**Exercise**.
No pictures belong in the copy. Retype exactly, and only, the stretch of lines below from the one with "A sterling silver" through the one with "This two-story condo".

**Input for this task**.
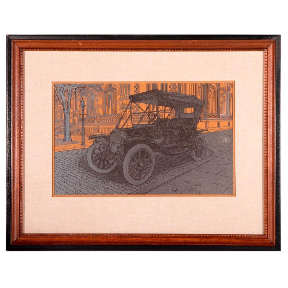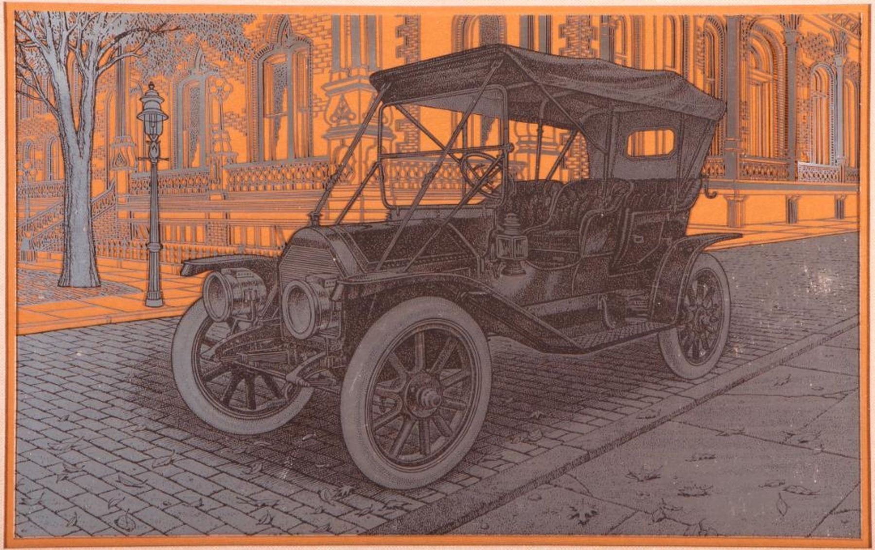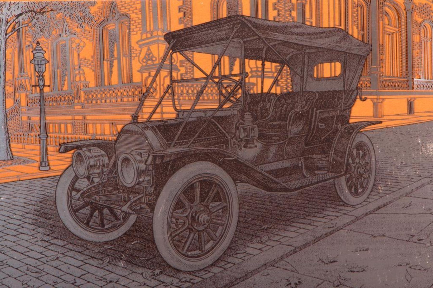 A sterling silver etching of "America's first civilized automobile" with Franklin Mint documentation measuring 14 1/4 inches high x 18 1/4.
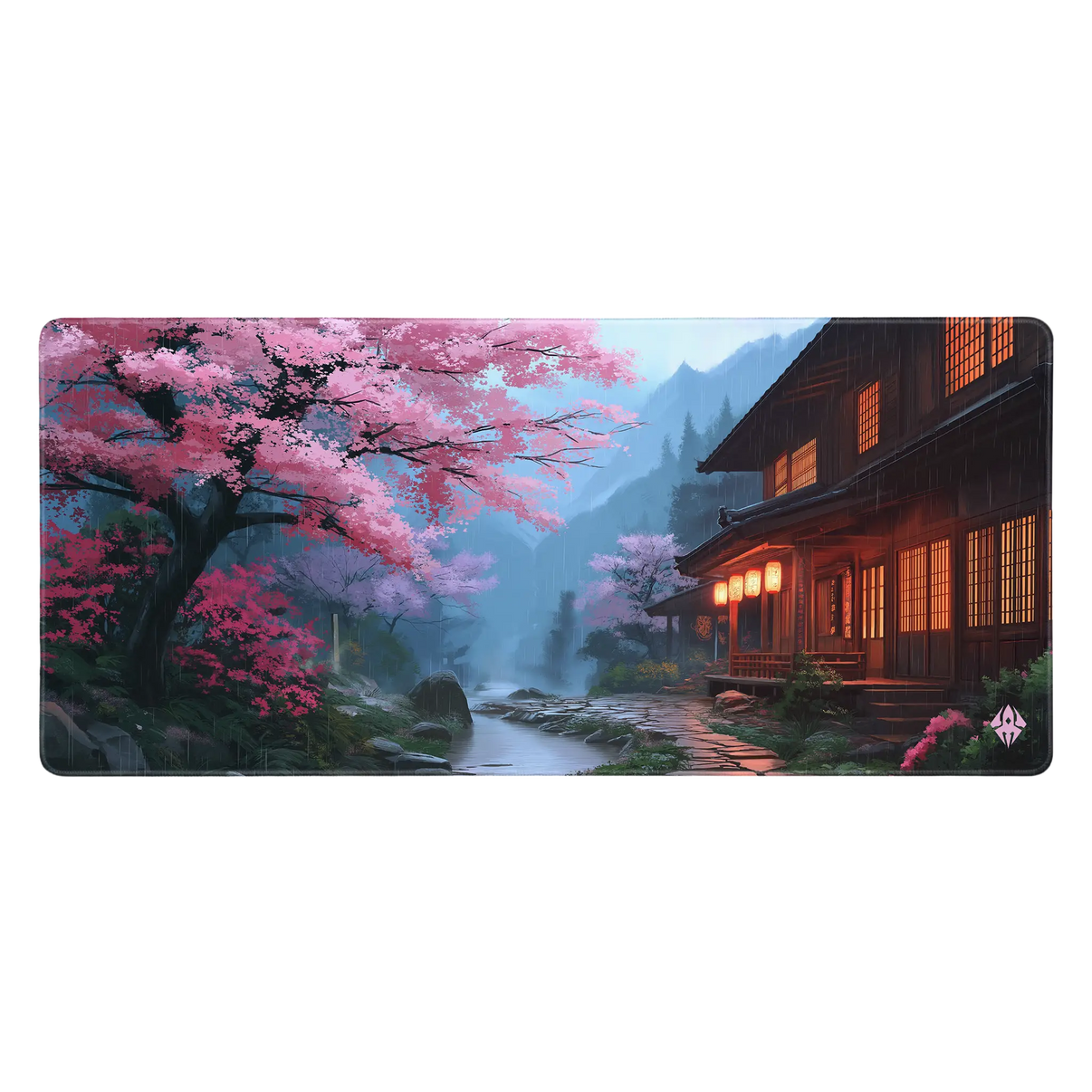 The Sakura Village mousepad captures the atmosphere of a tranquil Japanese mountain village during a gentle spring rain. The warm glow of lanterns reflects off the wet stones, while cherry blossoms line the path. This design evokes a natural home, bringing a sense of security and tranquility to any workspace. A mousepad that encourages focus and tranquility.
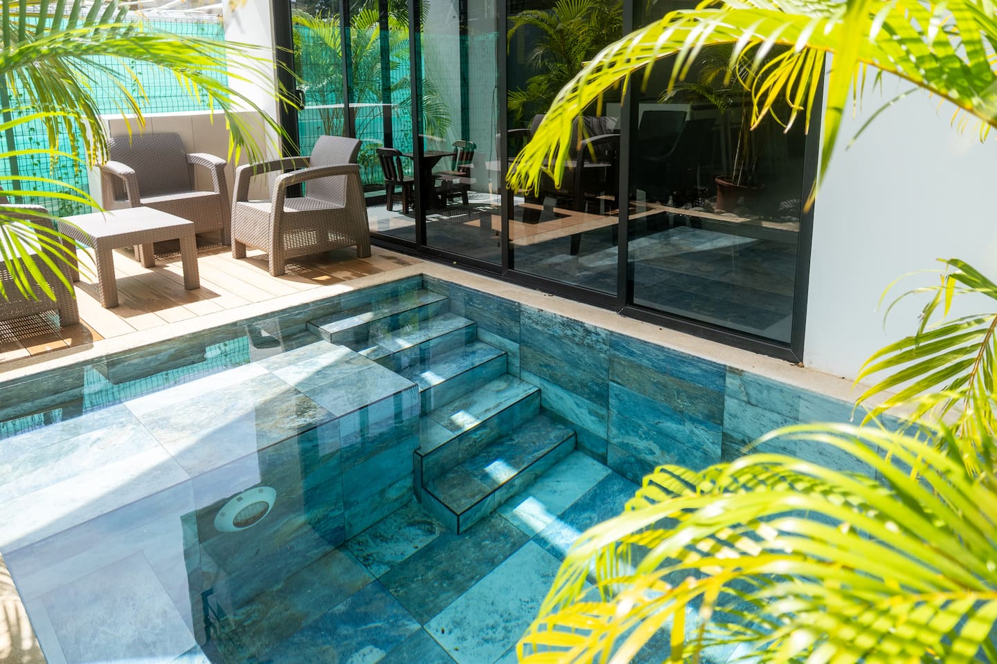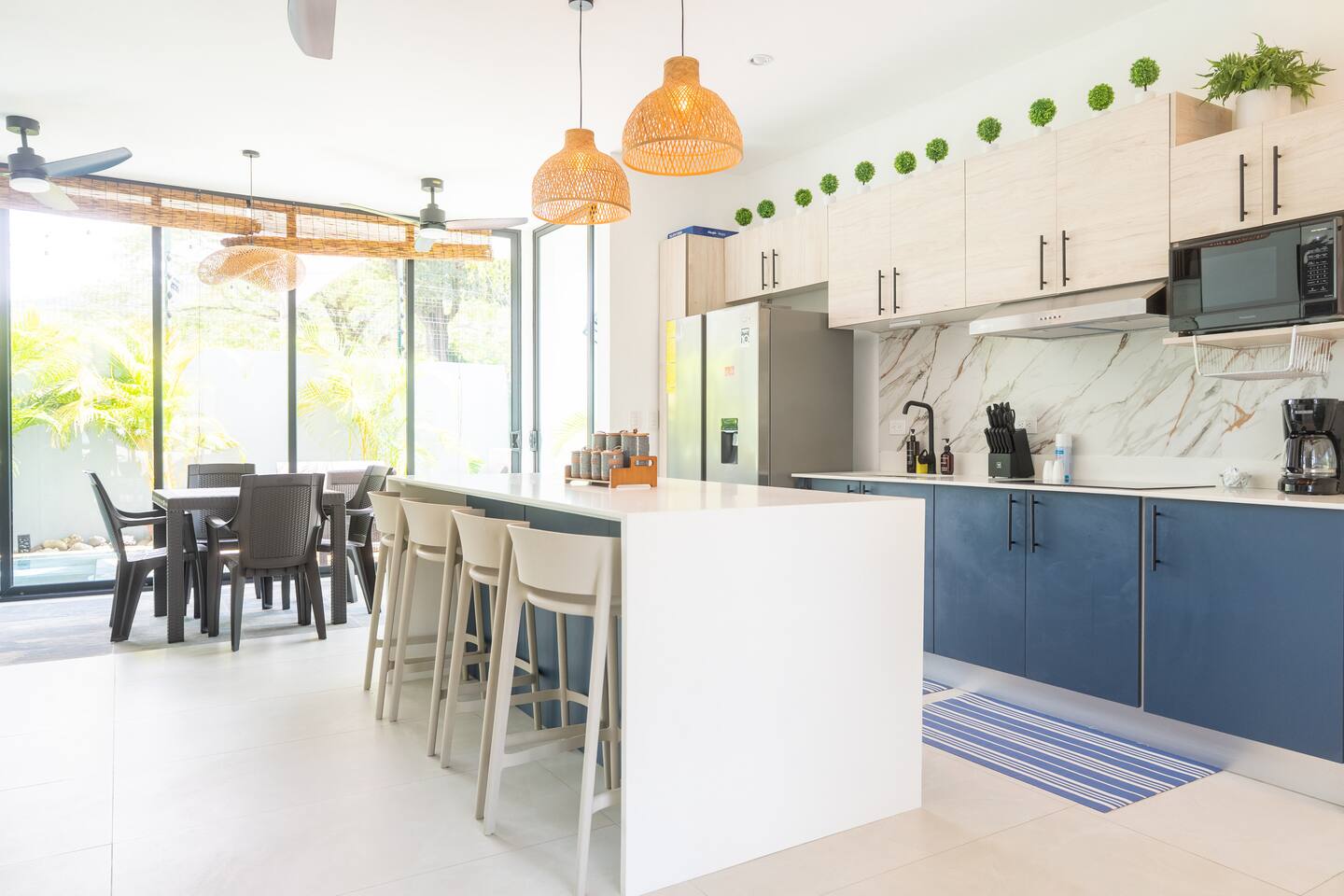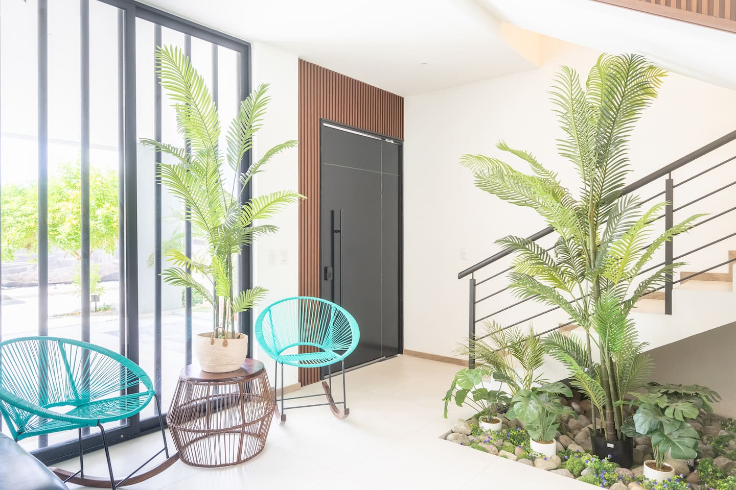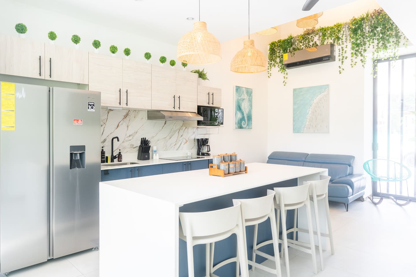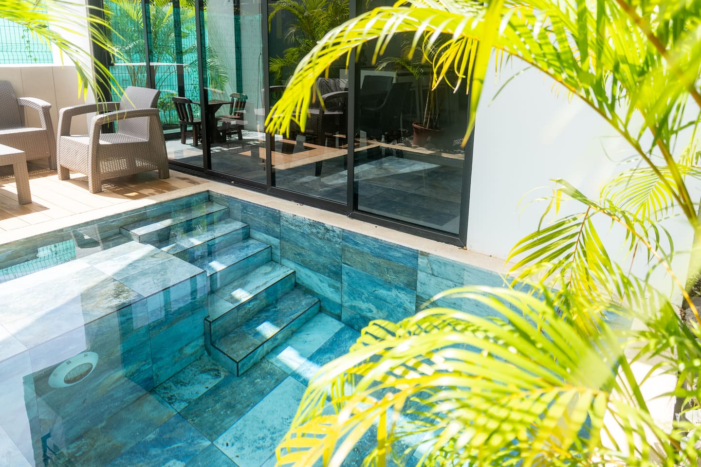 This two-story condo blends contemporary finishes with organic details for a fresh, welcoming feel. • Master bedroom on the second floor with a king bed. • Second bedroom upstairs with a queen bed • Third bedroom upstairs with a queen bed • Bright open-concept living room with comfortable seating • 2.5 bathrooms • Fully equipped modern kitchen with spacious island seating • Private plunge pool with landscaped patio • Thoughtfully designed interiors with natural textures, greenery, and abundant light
==
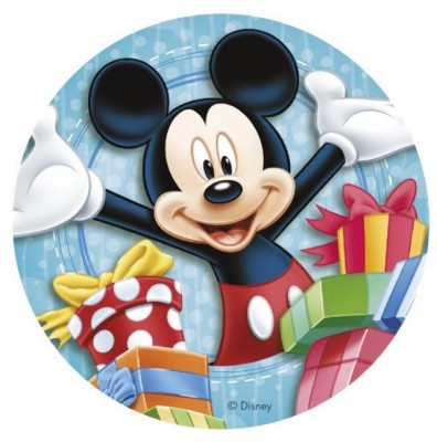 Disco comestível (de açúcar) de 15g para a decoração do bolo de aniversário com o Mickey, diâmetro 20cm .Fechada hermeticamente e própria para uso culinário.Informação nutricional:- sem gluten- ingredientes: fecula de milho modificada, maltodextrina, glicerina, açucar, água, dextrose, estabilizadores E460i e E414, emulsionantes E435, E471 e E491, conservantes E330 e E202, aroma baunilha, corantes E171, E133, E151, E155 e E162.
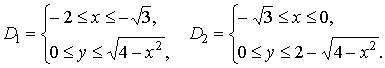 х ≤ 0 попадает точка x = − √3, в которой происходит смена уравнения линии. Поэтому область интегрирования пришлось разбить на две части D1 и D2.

**Your solution**.
 A sterling silver etching of "America's first civilized automobile" with Franklin Mint documentation measuring 14 1/4 inches high x 18 1/4.
 The Sakura Village mousepad captures the atmosphere of a tranquil Japanese mountain village during a gentle spring rain. The warm glow of lanterns reflects off the wet stones, while cherry blossoms line the path. This design evokes a natural home, bringing a sense of security and tranquility to any workspace. A mousepad that encourages focus and tranquility.
 This two-story condo blends contemporary finishes with organic details for a fresh, welcoming feel. • Master bedroom on the second floor with a king bed. • Second bedroom upstairs with a queen bed • Third bedroom upstairs with a queen bed • Bright open-concept living room with comfortable seating • 2.5 bathrooms • Fully equipped modern kitchen with spacious island seating • Private plunge pool with landscaped patio • Thoughtfully designed interiors with natural textures, greenery, and abundant light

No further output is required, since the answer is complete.